La situation pécuniaire du père n'était pas seulement modeste. Elle était embarrassée et donna lieu à une liquidation qui fut pénible et dura fort longtemps.
Les arrérages de sa pension militaire, 4.000 fr., ou plus exactement, 3.800 francs nets, déduction faite du prélèvement de 5 % pour les Invalides[158], formaient le principal revenu du général.
[158] Louis Belton: Victor Hugo et son père, le général Hugo à Blois, p. 16.
Les créanciers étaient nombreux. Certains se montrèrent pressants ou excessifs.
Au bout de douze ans ils n'étaient pas, il est vrai, encore réglés, et, du dossier qu'a bien voulu me communiquer M. Louis Belton, je détache ce mémoire du tailleur Moreau «fournisseur de Leurs Altesses Sérénissimes les Princes de Holstein-Augustenbourg, rue Neuve-des-Petits-Champs, à Paris».
Vendu à M. le Comte Hugo.
| 1827 | FR. | C. | |
| Juill. 12 | Un habit en poil de chèvre | 100 | » |
| Un pantalon poil de chèvre rayé | 36 | » | |
| Un gilet poil de chèvre | 23 | » | |
| Un do poil de chèvre de mode | 23 | » | |
| Un do poil de chèvre rayé | 23 | » | |
| Déc. 3 | Une redingotte (sic) drap bleu | 140 | » |
| Un pantalon casimir noir | 56 | » | |
| Un gilet velours rayé | 30 | » | |
| » 11 | Un do velours soie et argent | 36 | » |
| Un do piqué blanc anglais | 25 | » | |
| Payé à Lemaignen, avoué, pour frais de port de lettres dans cette affaire | 3 | » | |
| 495 | » | ||
| Intérêts de ces fournitures après un an de crédit, à raison de 6 % par an; un crédit de douze ans | 356 | » | |
| Total | 851 | » |
Cet homme entendait trop le petit jeu et le taux des intérêts. La liquidation en abaissa le montant à de plus justes proportions.

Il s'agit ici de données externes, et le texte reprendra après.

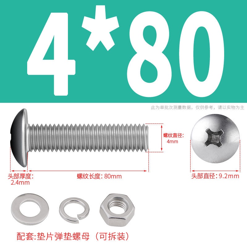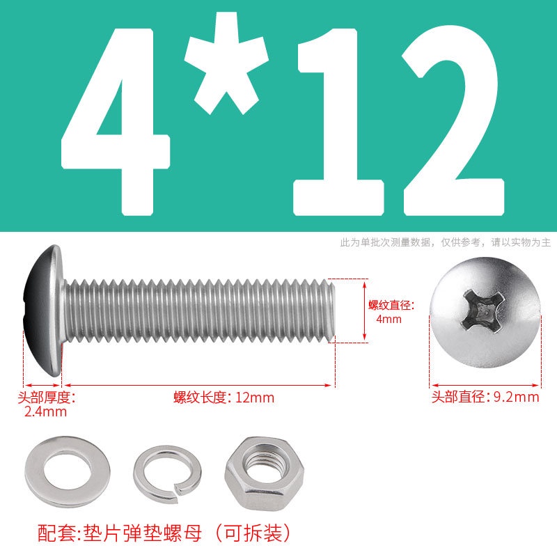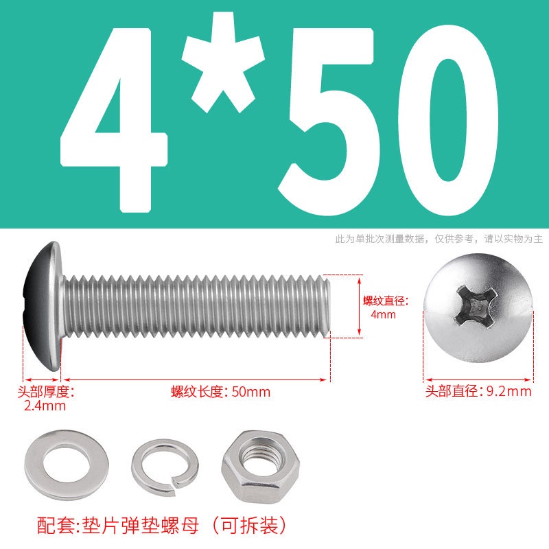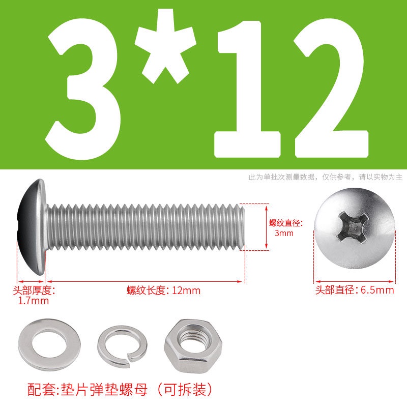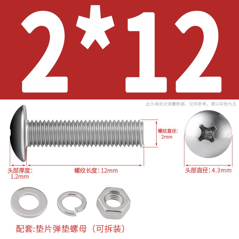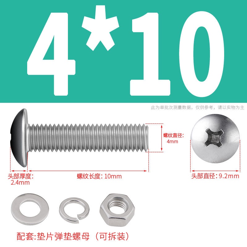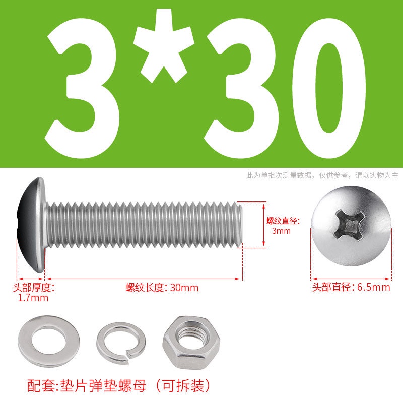 [XNY] 304 Stainless Steel Phillips Large Flat Head Screw Nut Nut Set Umbrella Head Flat Bolt Round Head Flat Gasket Pop-up Gasket Combination M2/M2.5/M3/M4
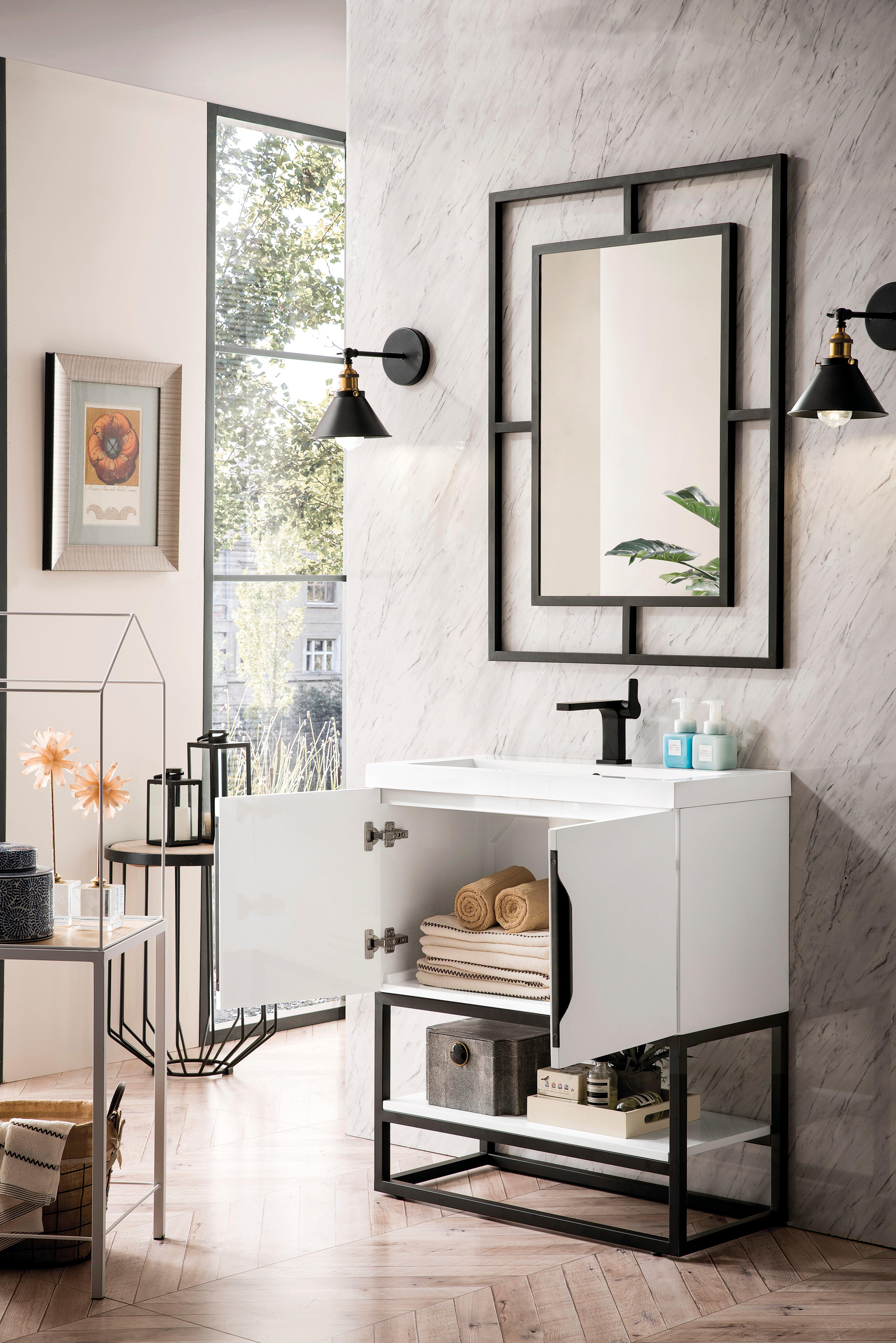 Tailor the look of your bathroom with the Columbia 31.5 in. Glossy White and Matte Black Vanity with Glossy White Top featuring gorgeous solid wood, plywood in white with 2 doors, 0 drawers, and 1 shelves. This piece is completed with beautiful matte black hardware and a single integral white sink. The Columbia 31.5 in. Glossy White and Matte Black Vanity with Glossy White Top is a stunning addition to any bathroom setting.

Comme ils pouvaient s'y attendre, les fils trouvèrent Marie-Catherine Thomas y Saëtoni, veuve pour la seconde fois, intéressée et âpre au gain.
Ils n'acceptèrent la succession que sous bénéfice d'inventaire[159] et à cette femme qui avait l'habitude du «maquis» opposèrent la compétence et la grande honnêteté de leur ami le jurisconsulte Duvergier[160].